MATERIAL PROVIDED →
------------------------------------------------------------
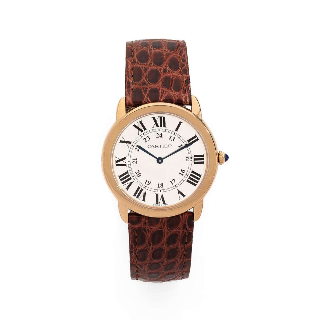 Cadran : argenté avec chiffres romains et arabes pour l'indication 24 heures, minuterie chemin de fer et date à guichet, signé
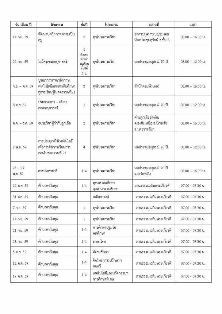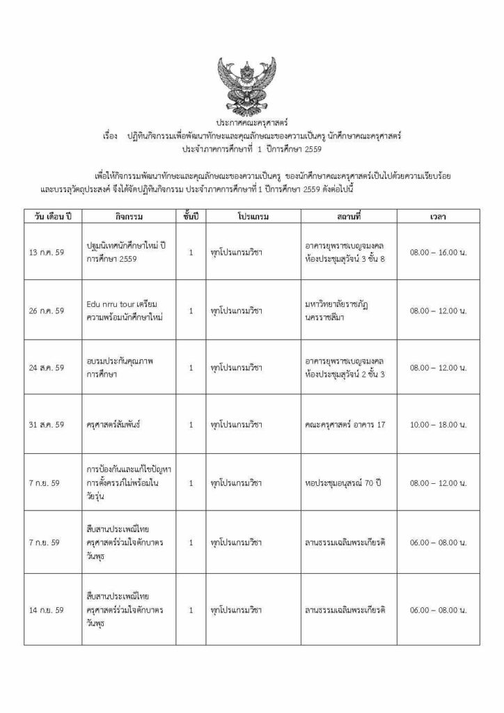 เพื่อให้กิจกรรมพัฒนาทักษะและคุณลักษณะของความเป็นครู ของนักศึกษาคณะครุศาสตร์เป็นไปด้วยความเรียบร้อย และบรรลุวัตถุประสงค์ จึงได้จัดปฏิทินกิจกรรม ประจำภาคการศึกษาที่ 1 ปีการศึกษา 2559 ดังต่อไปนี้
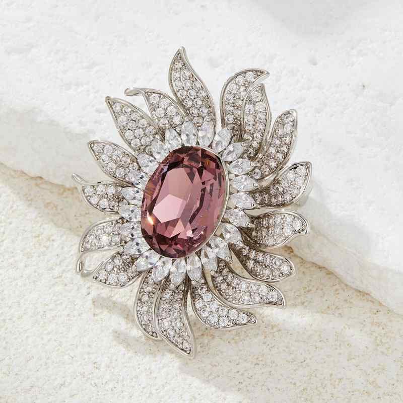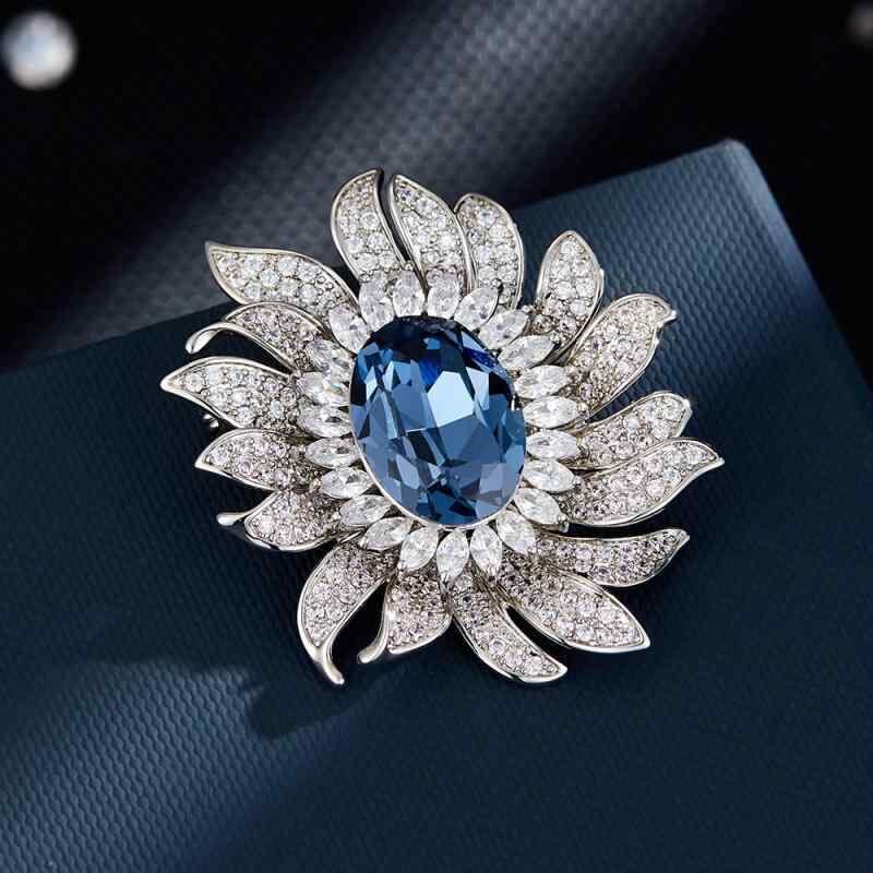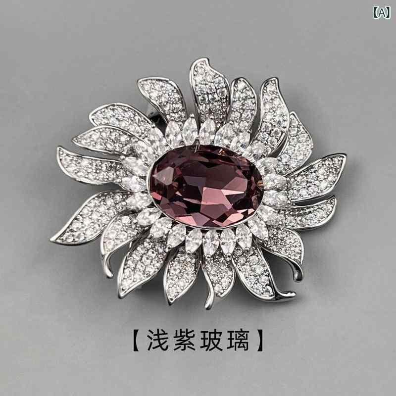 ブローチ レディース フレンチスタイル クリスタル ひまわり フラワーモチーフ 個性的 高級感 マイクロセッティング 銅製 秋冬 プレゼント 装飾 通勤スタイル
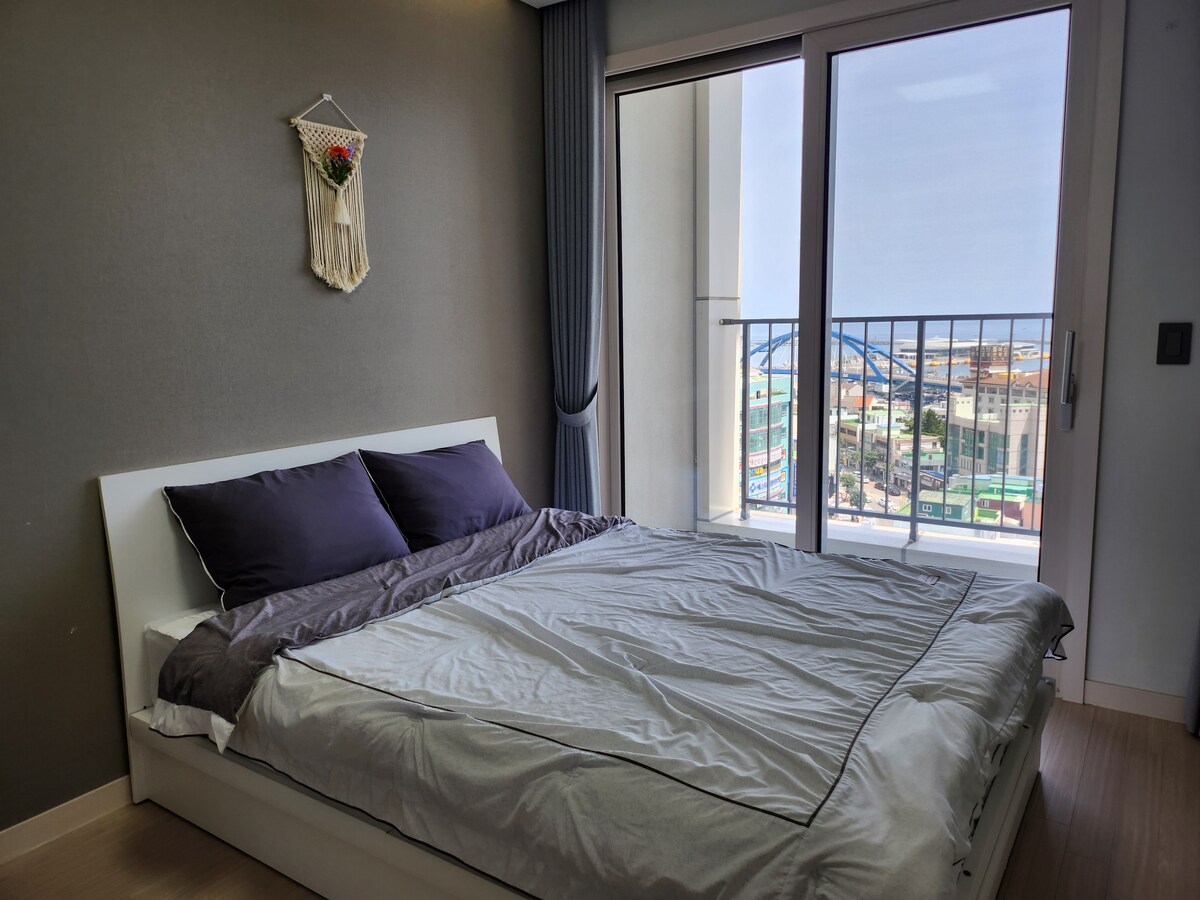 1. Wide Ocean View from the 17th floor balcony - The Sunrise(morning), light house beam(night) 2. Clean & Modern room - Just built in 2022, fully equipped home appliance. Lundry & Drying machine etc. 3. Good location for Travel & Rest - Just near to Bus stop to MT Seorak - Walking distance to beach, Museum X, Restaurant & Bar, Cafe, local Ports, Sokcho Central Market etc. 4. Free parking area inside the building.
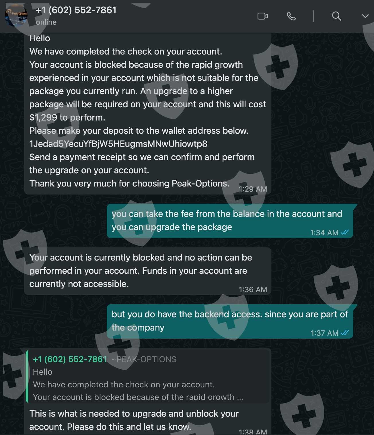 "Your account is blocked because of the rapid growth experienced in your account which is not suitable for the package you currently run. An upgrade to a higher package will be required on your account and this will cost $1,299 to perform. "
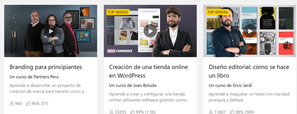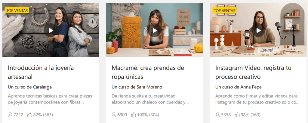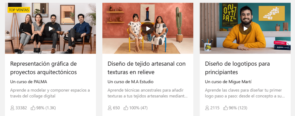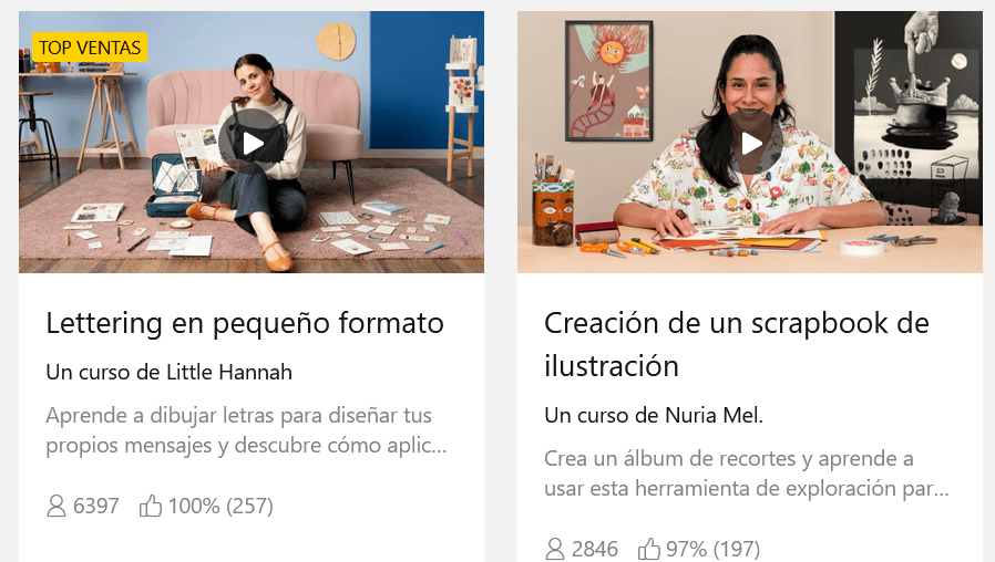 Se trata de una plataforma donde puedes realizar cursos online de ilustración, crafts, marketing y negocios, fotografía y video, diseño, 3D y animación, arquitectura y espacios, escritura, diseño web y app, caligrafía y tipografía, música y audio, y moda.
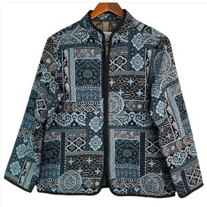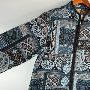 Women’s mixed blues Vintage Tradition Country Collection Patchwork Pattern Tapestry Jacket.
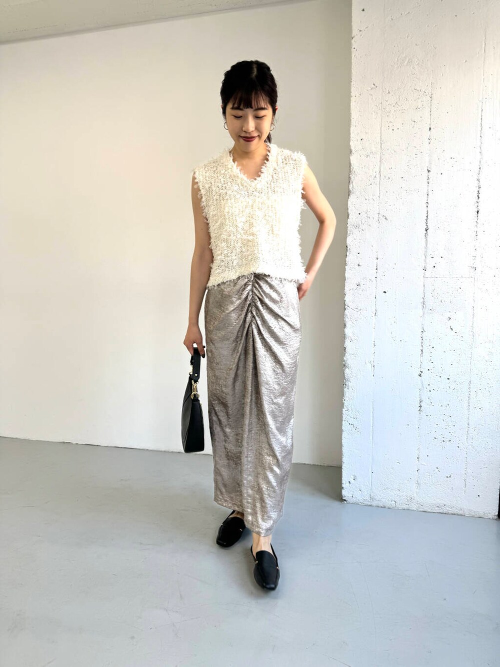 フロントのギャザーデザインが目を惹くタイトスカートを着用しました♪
------------------------------------------------------------
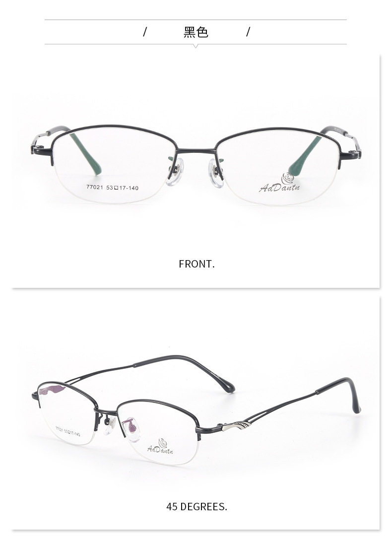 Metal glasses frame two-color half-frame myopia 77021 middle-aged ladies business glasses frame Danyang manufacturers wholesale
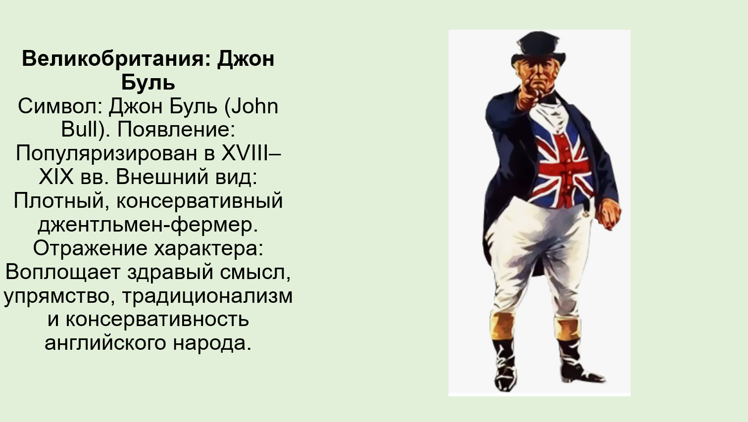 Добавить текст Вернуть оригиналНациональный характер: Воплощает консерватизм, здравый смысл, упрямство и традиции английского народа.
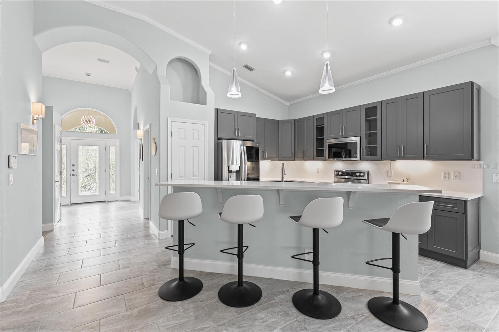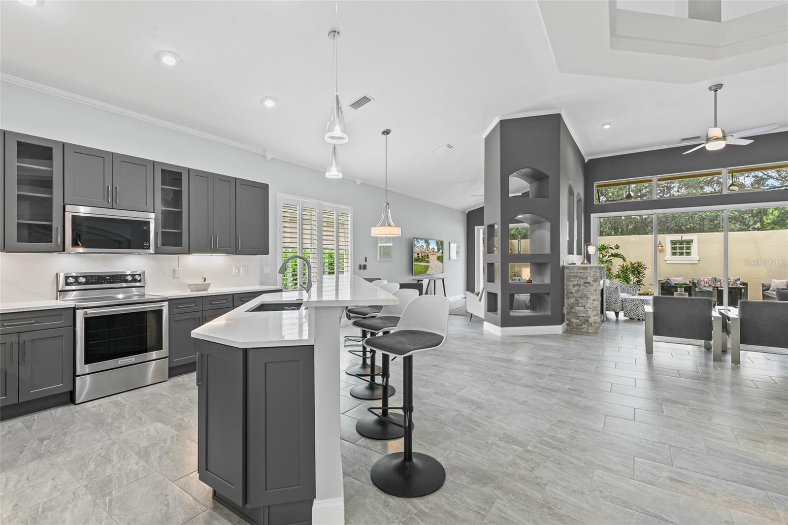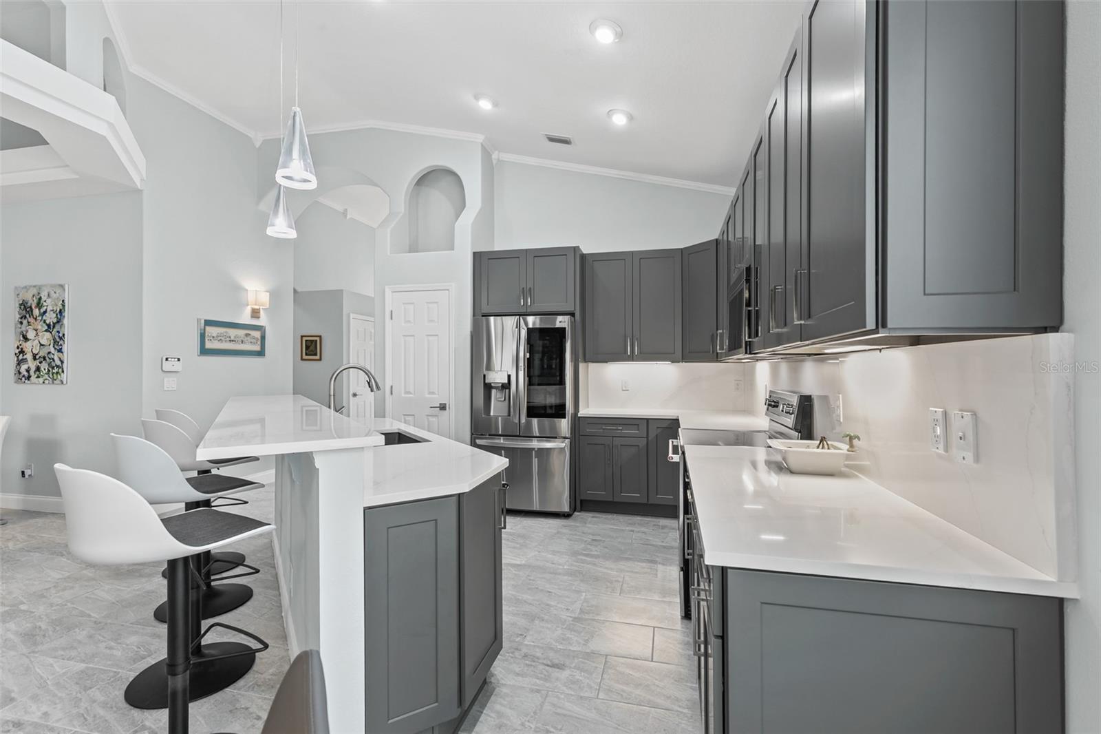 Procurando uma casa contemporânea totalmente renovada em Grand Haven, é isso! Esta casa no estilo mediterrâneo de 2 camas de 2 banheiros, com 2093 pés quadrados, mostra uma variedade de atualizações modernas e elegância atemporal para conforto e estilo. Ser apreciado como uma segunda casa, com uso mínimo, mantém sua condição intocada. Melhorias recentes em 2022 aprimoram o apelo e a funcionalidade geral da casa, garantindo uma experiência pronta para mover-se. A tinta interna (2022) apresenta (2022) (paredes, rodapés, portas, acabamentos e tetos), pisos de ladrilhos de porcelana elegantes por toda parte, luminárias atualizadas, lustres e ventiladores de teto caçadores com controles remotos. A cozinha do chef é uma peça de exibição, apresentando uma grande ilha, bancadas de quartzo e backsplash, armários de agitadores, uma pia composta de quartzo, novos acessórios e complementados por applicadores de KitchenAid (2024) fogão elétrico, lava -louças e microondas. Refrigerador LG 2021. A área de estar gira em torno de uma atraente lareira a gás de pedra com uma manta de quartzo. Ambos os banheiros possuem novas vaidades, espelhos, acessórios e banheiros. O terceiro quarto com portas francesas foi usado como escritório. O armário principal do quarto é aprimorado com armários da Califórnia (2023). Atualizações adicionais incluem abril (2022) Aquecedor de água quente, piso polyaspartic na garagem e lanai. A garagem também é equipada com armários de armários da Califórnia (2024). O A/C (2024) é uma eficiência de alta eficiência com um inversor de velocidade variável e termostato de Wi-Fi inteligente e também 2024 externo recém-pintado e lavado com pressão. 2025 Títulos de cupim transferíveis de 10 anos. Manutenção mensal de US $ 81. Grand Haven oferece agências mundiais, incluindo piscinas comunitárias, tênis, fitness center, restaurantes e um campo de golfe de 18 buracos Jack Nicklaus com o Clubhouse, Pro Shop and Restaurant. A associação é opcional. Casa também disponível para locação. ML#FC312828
------------------------------------------------------------
EXERCISE BRIEF →
Copy nothing but the lines above from the one with "Cadran : argenté" to the one with "ブローチ レディース フレンチスタイル", inclusive, word for word. Leave every picture out.

TASK OUTPUT →
 Cadran : argenté avec chiffres romains et arabes pour l'indication 24 heures, minuterie chemin de fer et date à guichet, signé
 เพื่อให้กิจกรรมพัฒนาทักษะและคุณลักษณะของความเป็นครู ของนักศึกษาคณะครุศาสตร์เป็นไปด้วยความเรียบร้อย และบรรลุวัตถุประสงค์ จึงได้จัดปฏิทินกิจกรรม ประจำภาคการศึกษาที่ 1 ปีการศึกษา 2559 ดังต่อไปนี้
 ブローチ レディース フレンチスタイル クリスタル ひまわり フラワーモチーフ 個性的 高級感 マイクロセッティング 銅製 秋冬 プレゼント 装飾 通勤スタイル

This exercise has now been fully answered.